■ What the task asks
The output should hold exactly, and only, the lines from the line bearing "交流结束后,一同前往暨南大学" through the last line of the listing below, and no pictures.

■ Task data
_ _ _ _ _ _ _
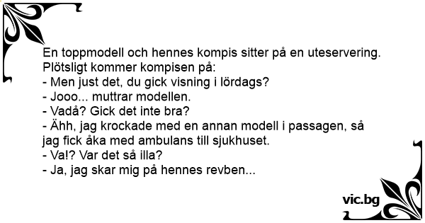 - Ähh, jag krockade med en annan modell i passagen, så jag fiск åka med ambulans till sjukhuset.
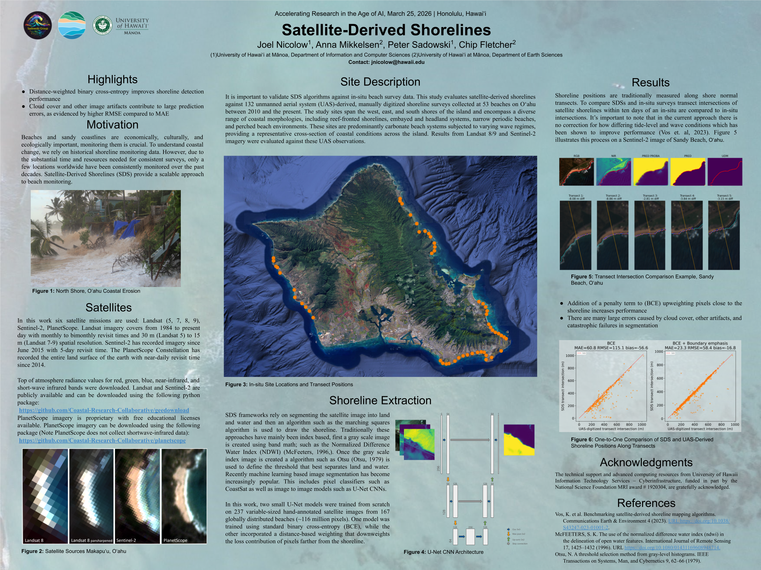 I had the opportunity to present my poster titled “Satellite-Derived Shorelines” at the 2026 Accelerating Research in the Age of AI: A Synergistic Workshop with Google on March 25th at the Sullivan Conference Center. It was a great experience attending inspiring talks!
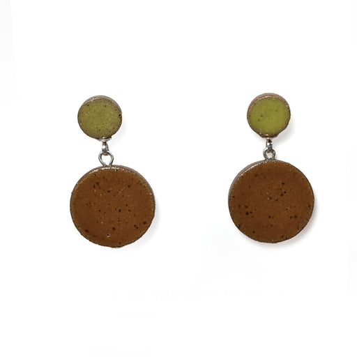 View full detailsThese stoneware dangle earrings feature a solid circular form suspended from a contrasting geometric stud. Stoneware, sterling silverDimensions ra...
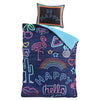De bijpassende kussenslopen maken de set compleet en tonen de tekst "Be Happy" in een stijlvol neonontwerp. Dankzij de handige drukknopen blijft je dekbed stevig op zijn plaats en is het overtrek eenvoudig te verwisselen
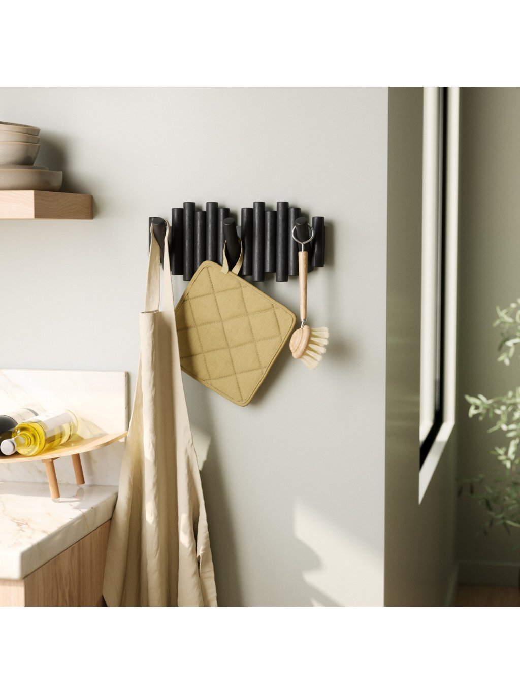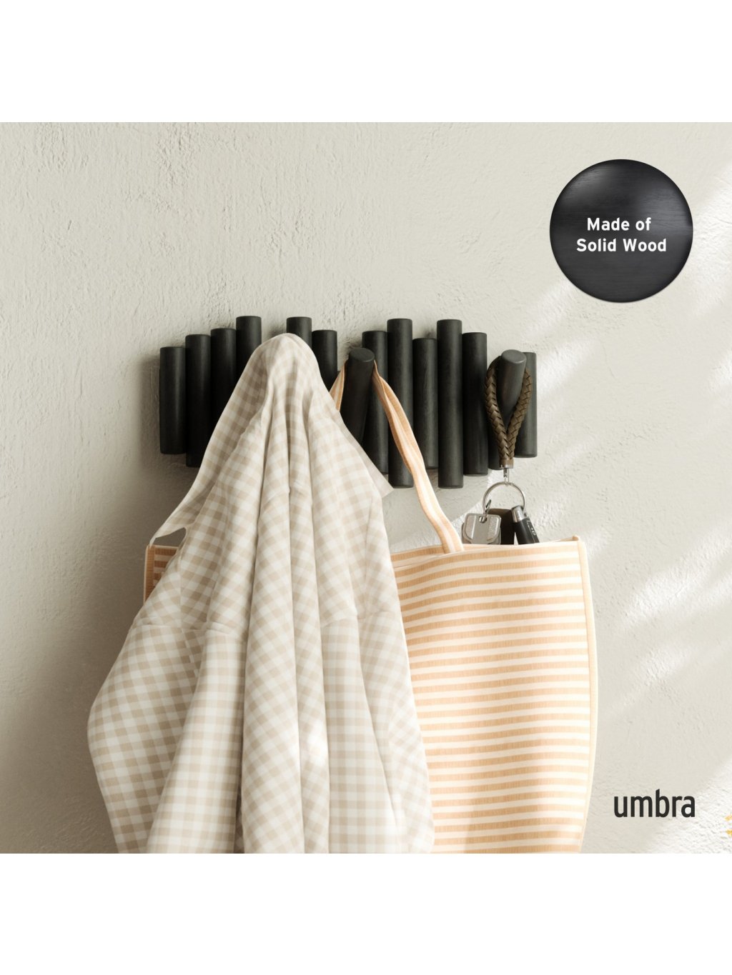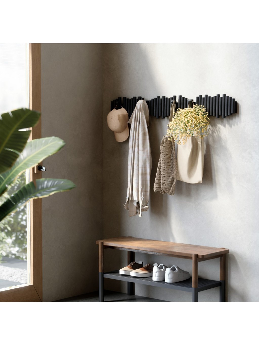 Umbra Picket je viac než len vešiak - je to dizajnový prvok, ktorý pridá vášmu interiéru hrejivosť a charakter. Je vyrobený z krásne opracovaného borovicového dreva a ponúka päť sklopných háčikov, z ktorých každý unesie až 2,3 kg. Keď háčiky nepoužívate, jednoducho ich sklopíte a Picket sa premení na elegantnú drevenú dekoráciu s čistým profilom. Perfektný do predsiene, spálne alebo aj kancelárie. Vďaka jedinečnej kresbe dreva je každý kus originál a môžete ho kombinovať aj vo viacerých kusoch na vytvorenie praktického a dekoratívneho usporiadania na stene.
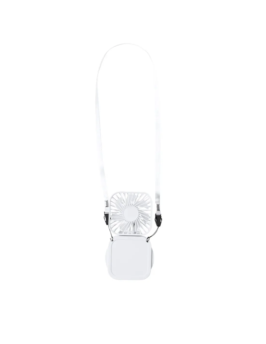 Ventilador portátil fabricado en resistente ABS. Este práctico dispositivo cuenta con tres velocidades, con un lanyard para un uso cómodo. Se alimenta mediante una batería de 400 mAh, compatible con conexiones USB , y presenta indicadores de luz para conocer el nivel de carga de la batería. Presentado individualmente en caja de diseño kraft.
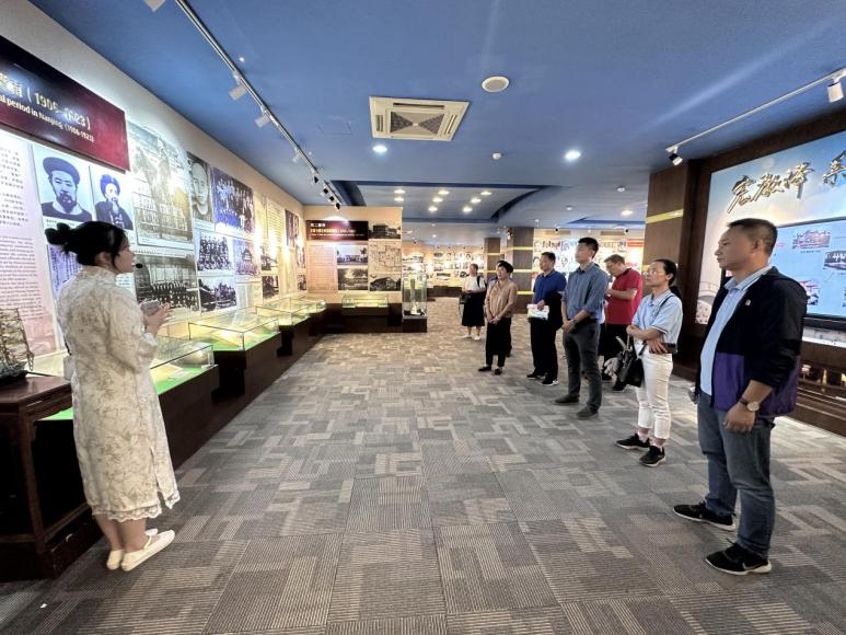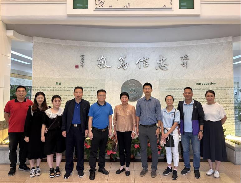 交流结束后,一同前往暨南大学校史馆参观学习,在讲解员的带领下观看了习近平总书记2018年10月24日考察暨南大学时的重要讲话,然后沿着总书记考察暨南大学校史馆的足迹,一起领略暨南大学的历史底蕴。一位教师说道:“在校史馆丰富的文字、物品和照片中,我们回顾百年暨南的沉浮变迁和岁月沧桑,深入学习了解暨南大学在教学、科研、华文教育等事业飞速发展的历程,受益匪浅。”
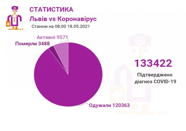 Станом на 18 травня у Львові та Львівській області загалом коронавірусну інфекцію виявлено у 133422 осіб, 3488 людей померло. 120363 пацієнти одужало. По місту Covid-19 підтвердили у 65124 осіб, з яких 58840 вже одужало і летальних випадків – 1695.
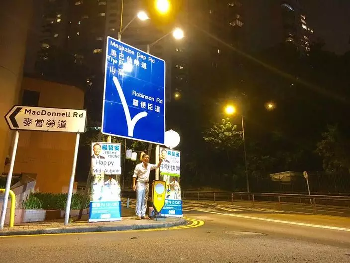 楊哲安中秋企街拉票直到深夜,才收拾回家。(楊哲安facebook圖片)
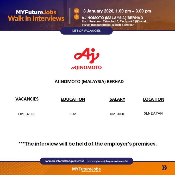 📌Lokasi : AJINOMOTO BERHAD, Bandar Enstek
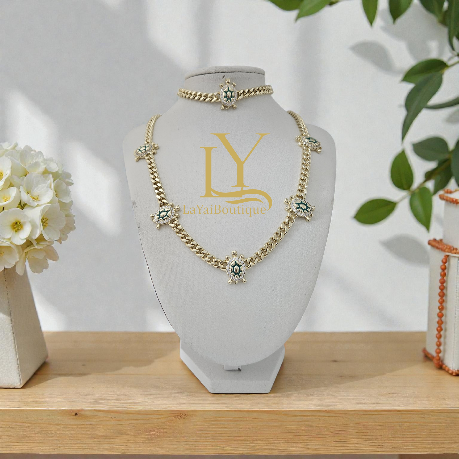 Este exclusivo conjunto está elaborado en oro laminado 14K, con una elegante cadena tipo eslabón decorada con delicados dijes de tortuga, símbolo de protección, estabilidad, sabiduría y buena fortuna. Su diseño combina significado y sofisticación, convirtiéndolo en una pieza atemporal y llena de intención.
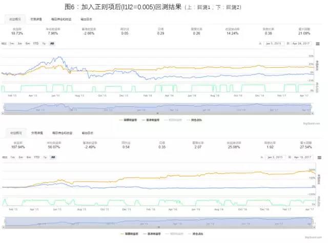 回测结果如图6,加入正则项之后回测1和回测2的最大回撤均有下降,说明加入正则项后确实减轻了模型的过拟合。比较加入正则项前后回测1的持仓情况,可以看到加入正则化后空仓期更长,做单次数减少(19/17),可以理解为:加入正则项之后,模型会变得更加保守。
_ _ _ _ _ _ _
■ Response to this exercise
 交流结束后,一同前往暨南大学校史馆参观学习,在讲解员的带领下观看了习近平总书记2018年10月24日考察暨南大学时的重要讲话,然后沿着总书记考察暨南大学校史馆的足迹,一起领略暨南大学的历史底蕴。一位教师说道:“在校史馆丰富的文字、物品和照片中,我们回顾百年暨南的沉浮变迁和岁月沧桑,深入学习了解暨南大学在教学、科研、华文教育等事业飞速发展的历程,受益匪浅。”
 Станом на 18 травня у Львові та Львівській області загалом коронавірусну інфекцію виявлено у 133422 осіб, 3488 людей померло. 120363 пацієнти одужало. По місту Covid-19 підтвердили у 65124 осіб, з яких 58840 вже одужало і летальних випадків – 1695.
 楊哲安中秋企街拉票直到深夜,才收拾回家。(楊哲安facebook圖片)
 📌Lokasi : AJINOMOTO BERHAD, Bandar Enstek
 Este exclusivo conjunto está elaborado en oro laminado 14K, con una elegante cadena tipo eslabón decorada con delicados dijes de tortuga, símbolo de protección, estabilidad, sabiduría y buena fortuna. Su diseño combina significado y sofisticación, convirtiéndolo en una pieza atemporal y llena de intención.
 回测结果如图6,加入正则项之后回测1和回测2的最大回撤均有下降,说明加入正则项后确实减轻了模型的过拟合。比较加入正则项前后回测1的持仓情况,可以看到加入正则化后空仓期更长,做单次数减少(19/17),可以理解为:加入正则项之后,模型会变得更加保守。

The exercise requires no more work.